**ABOUT THIS TASK**
Output exactly the lines from the line that has "Country living close" through the last line of the data below, with no pictures.

Records from a collection:
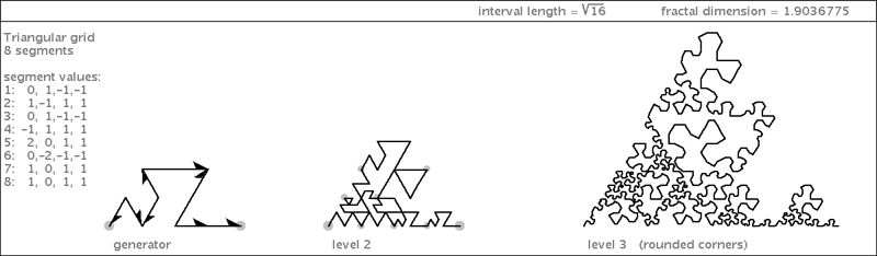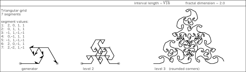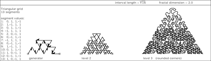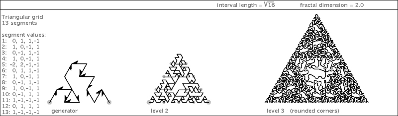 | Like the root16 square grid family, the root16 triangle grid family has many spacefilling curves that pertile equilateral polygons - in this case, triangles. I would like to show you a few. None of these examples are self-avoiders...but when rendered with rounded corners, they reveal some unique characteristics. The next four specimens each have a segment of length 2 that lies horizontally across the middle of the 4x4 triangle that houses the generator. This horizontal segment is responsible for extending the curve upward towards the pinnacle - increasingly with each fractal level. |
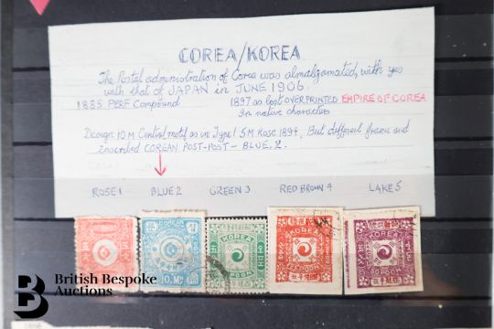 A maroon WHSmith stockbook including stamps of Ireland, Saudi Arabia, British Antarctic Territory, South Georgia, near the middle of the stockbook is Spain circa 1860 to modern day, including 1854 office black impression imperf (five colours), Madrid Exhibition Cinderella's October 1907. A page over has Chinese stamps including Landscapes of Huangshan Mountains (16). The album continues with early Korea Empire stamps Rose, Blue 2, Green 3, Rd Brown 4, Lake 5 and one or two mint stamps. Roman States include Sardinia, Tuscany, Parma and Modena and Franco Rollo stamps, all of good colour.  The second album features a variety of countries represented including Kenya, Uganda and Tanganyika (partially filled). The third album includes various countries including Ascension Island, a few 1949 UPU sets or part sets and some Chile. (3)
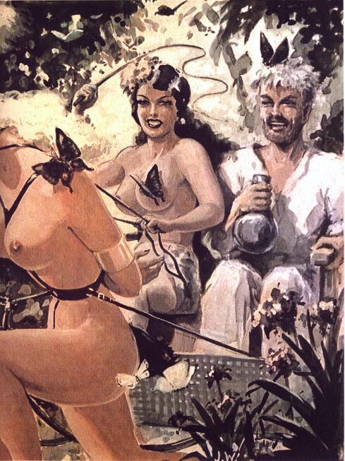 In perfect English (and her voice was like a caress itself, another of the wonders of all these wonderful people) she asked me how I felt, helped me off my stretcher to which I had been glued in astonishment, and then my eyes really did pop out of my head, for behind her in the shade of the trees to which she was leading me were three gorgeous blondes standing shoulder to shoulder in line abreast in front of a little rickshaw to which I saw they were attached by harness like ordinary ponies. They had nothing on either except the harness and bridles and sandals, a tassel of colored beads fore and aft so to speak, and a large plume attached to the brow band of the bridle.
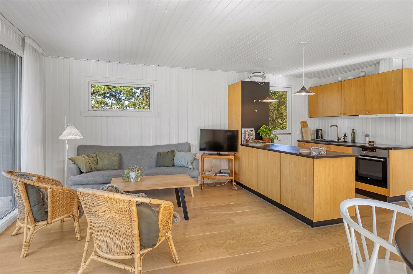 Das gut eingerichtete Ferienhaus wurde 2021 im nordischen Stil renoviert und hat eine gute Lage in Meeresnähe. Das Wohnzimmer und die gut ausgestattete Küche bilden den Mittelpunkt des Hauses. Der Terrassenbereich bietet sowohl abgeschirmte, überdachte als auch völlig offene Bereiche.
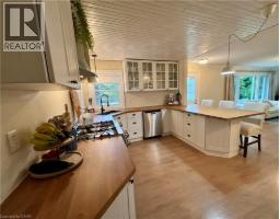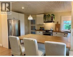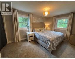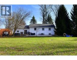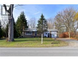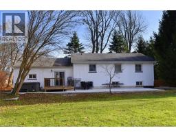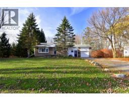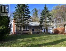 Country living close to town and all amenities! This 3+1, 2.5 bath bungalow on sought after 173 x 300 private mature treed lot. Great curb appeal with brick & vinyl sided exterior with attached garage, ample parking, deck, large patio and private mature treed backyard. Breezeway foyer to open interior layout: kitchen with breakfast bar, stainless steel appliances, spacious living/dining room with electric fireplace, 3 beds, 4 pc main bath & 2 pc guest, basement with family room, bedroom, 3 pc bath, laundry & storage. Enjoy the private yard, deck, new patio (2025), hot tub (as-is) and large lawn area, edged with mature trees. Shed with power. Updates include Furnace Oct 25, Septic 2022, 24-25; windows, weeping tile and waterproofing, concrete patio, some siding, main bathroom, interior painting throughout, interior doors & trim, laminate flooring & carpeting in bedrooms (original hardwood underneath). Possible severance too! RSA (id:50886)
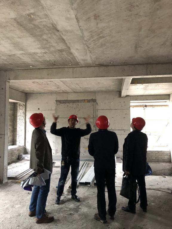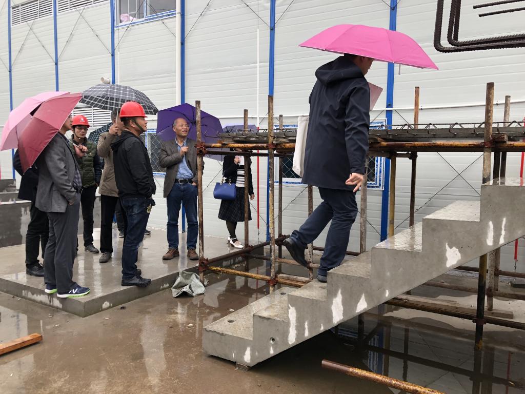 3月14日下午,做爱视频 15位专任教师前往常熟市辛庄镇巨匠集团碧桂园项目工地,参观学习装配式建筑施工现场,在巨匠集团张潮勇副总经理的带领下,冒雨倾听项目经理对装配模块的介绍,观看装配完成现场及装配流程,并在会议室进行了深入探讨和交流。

**EXERCISE RESPONSE**
 Country living close to town and all amenities! This 3+1, 2.5 bath bungalow on sought after 173 x 300 private mature treed lot. Great curb appeal with brick & vinyl sided exterior with attached garage, ample parking, deck, large patio and private mature treed backyard. Breezeway foyer to open interior layout: kitchen with breakfast bar, stainless steel appliances, spacious living/dining room with electric fireplace, 3 beds, 4 pc main bath & 2 pc guest, basement with family room, bedroom, 3 pc bath, laundry & storage. Enjoy the private yard, deck, new patio (2025), hot tub (as-is) and large lawn area, edged with mature trees. Shed with power. Updates include Furnace Oct 25, Septic 2022, 24-25; windows, weeping tile and waterproofing, concrete patio, some siding, main bathroom, interior painting throughout, interior doors & trim, laminate flooring & carpeting in bedrooms (original hardwood underneath). Possible severance too! RSA (id:50886)
 3月14日下午,做爱视频 15位专任教师前往常熟市辛庄镇巨匠集团碧桂园项目工地,参观学习装配式建筑施工现场,在巨匠集团张潮勇副总经理的带领下,冒雨倾听项目经理对装配模块的介绍,观看装配完成现场及装配流程,并在会议室进行了深入探讨和交流。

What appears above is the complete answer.